Let $L$ be the splitting field of $F$. Then we can ask, whether there exist intermediate fields $K$, $\mathbb{Q}\subseteq K\subseteq L$, such that A) $f(x)$ factors in a non-trivial way in $K[X]$, B) $K$ does not contain any of the zeros of $f(x)$, and C) the degree condition $[K:\mathbb{Q}]=p$ is satisfied.

The OP then asks, whether there are always at least the prescribed number of such intermediate fields $K$.

I lead off by proffering a counterexample. Let $$ f(x)=x^4+x^3+x^2+x+1=(x-\zeta)(x-\zeta^2)(x-\overline{\zeta})(x-\overline{\zeta}^2), $$ where $\zeta=e^{2\pi i/5}$.Then the splitting field of $f(x)$ is the fifth cyclotomic field $L=\mathbb{Q}(\zeta)$. We have $\deg f(x)=4=2^2$ as well as $[L:\mathbb{Q}]=4$, so $p=2$, $b=2$, and $a=1$.

But in this case there exists only one intermediate field $K=\mathbb{Q}(\sqrt5).$ This follows from Galois theory. The Galois group $Gal(L/\mathbb{Q})$ is cyclic of order four, so it has a unique subgroup of index two, and the Galois correspondence associates the subfield $K$ with that subgroup.

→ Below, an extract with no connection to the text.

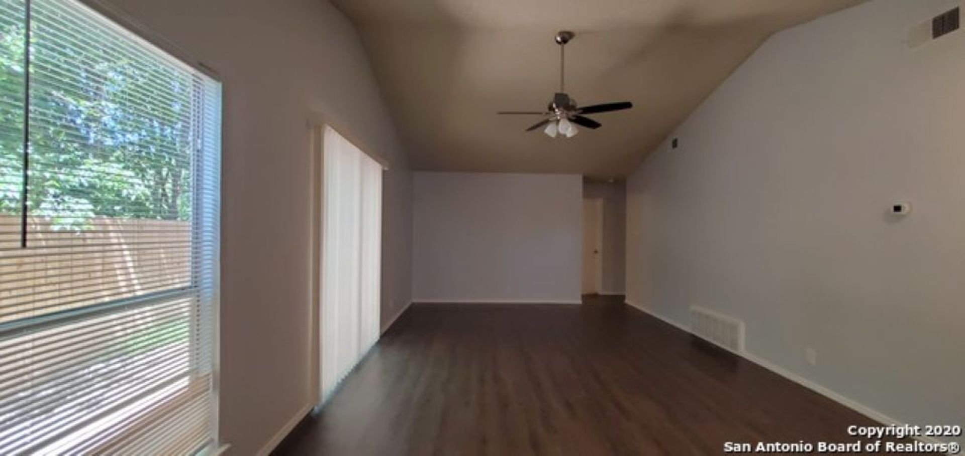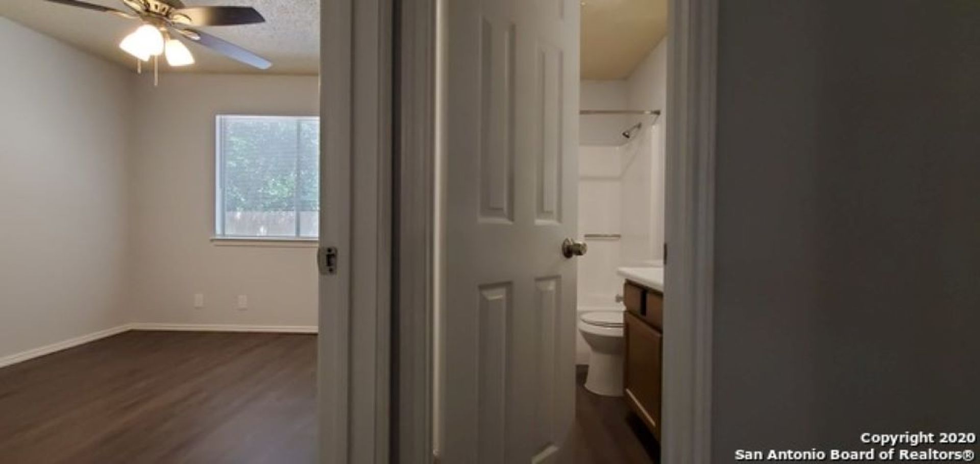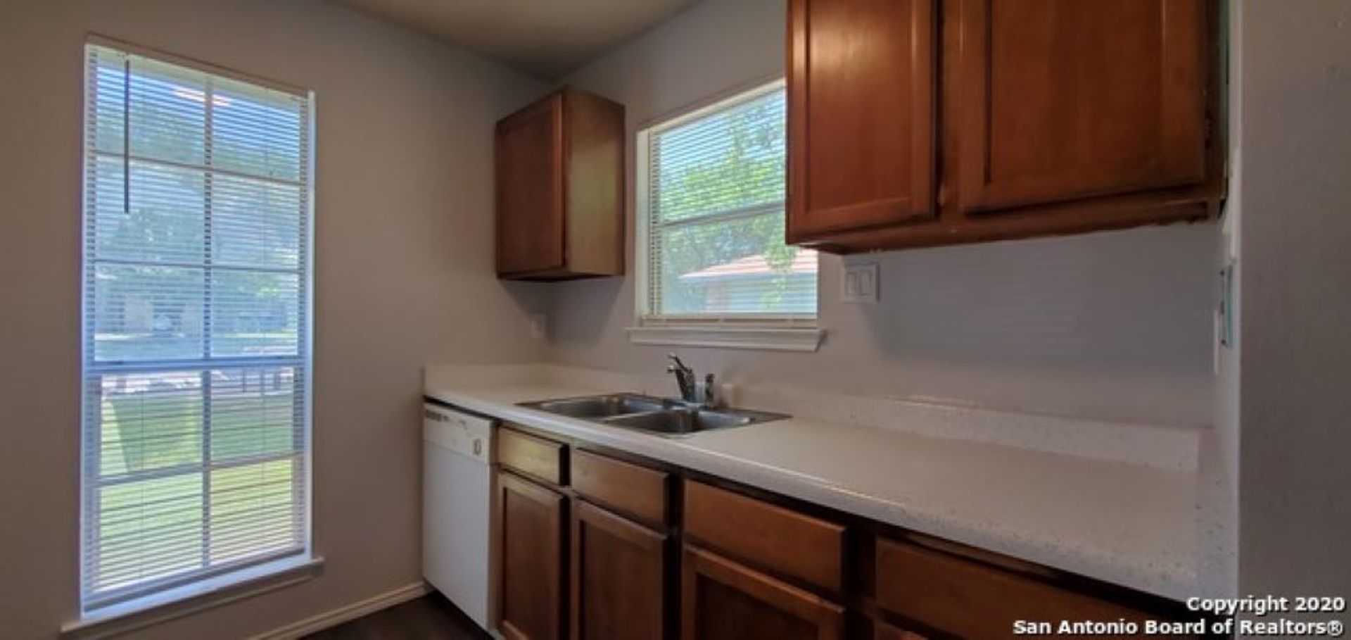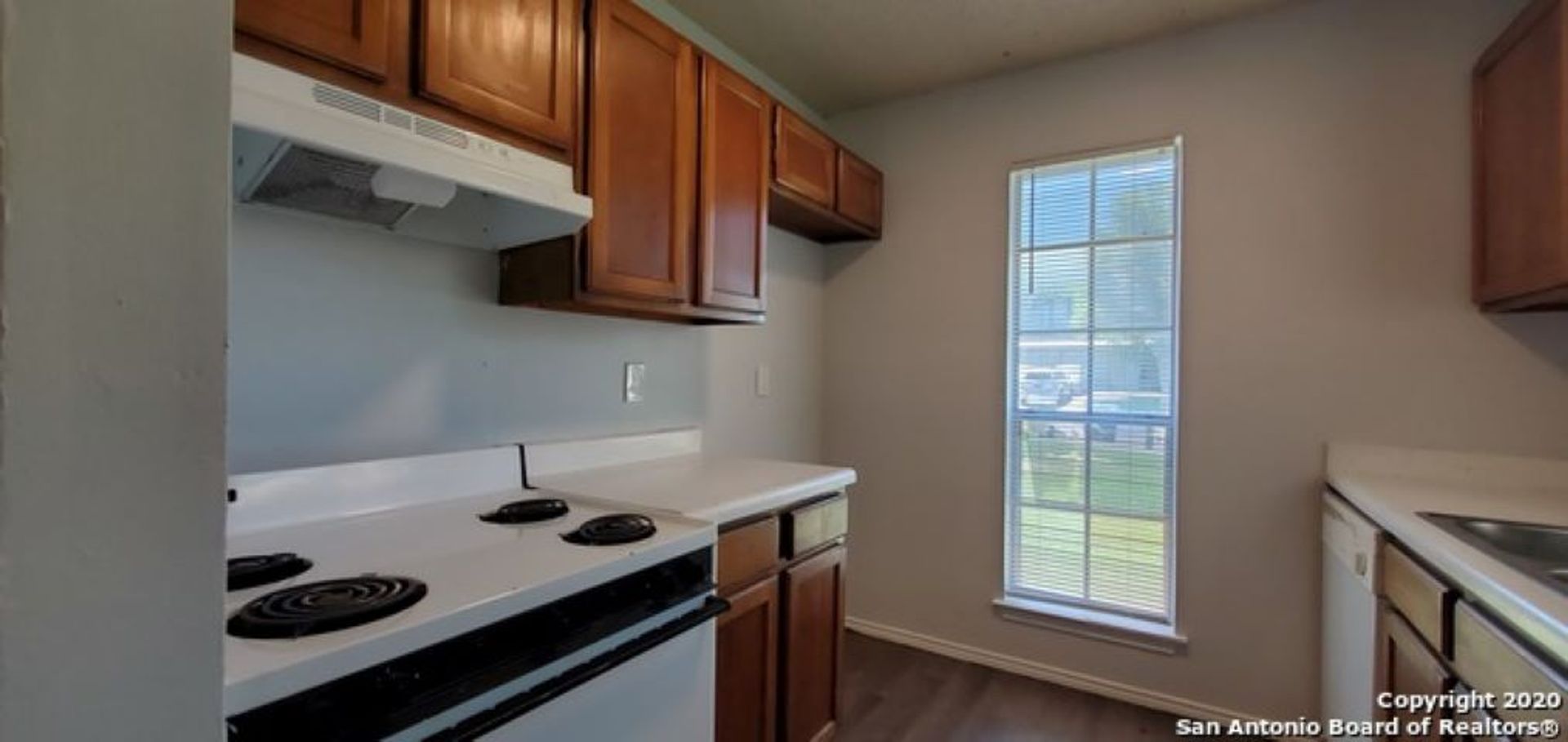 Welcome to this charming single-story duplex featuring 2 bedrooms and 2 full bathrooms. Experience the spaciousness of high ceilings in the main living area, creating an open and airy ambiance. The home boasts luxury vinyl flooring throughout, eliminating the need for carpet. The kitchen is fully equipped with a refrigerator, dishwasher, and stove, ready for your culinary adventures. The primary bedroom includes a walk-in closet and an en-suite bathroom for added convenience. Step outside to a large backyard, perfect for your personal touch. With easy access to Lackland AFB, Alamo Ranch, Hwy 410, and the 151 business corridor, this home is ideally located for all your needs.

The corresponding factorization is $$ f(x)=f_1(x)f_2(x), $$ where $$ f_1(x)=(x-\zeta)(x-\overline{\zeta})=x^2-2(\cos\frac{2\pi}5)\,x+1 $$ and $$ f_2(x)=(x-\zeta^2)(x-\overline{\zeta^2})=x^2-2(\cos\frac{4\pi}5)\,x+1. $$ Here the coefficients of the linear term are in the subfield $K$ as $$ \cos\frac{2\pi}5=\frac{\sqrt5 -1}4\qquad\text{and}\qquad\cos\frac{4\pi}5=-\frac{\sqrt5 +1}4 $$ are clearly elements of $K$. Galois theory tells us that the coefficients of other potential factors such as $(x-\zeta)(x-\zeta^2)$ necessarily generate all of $L$.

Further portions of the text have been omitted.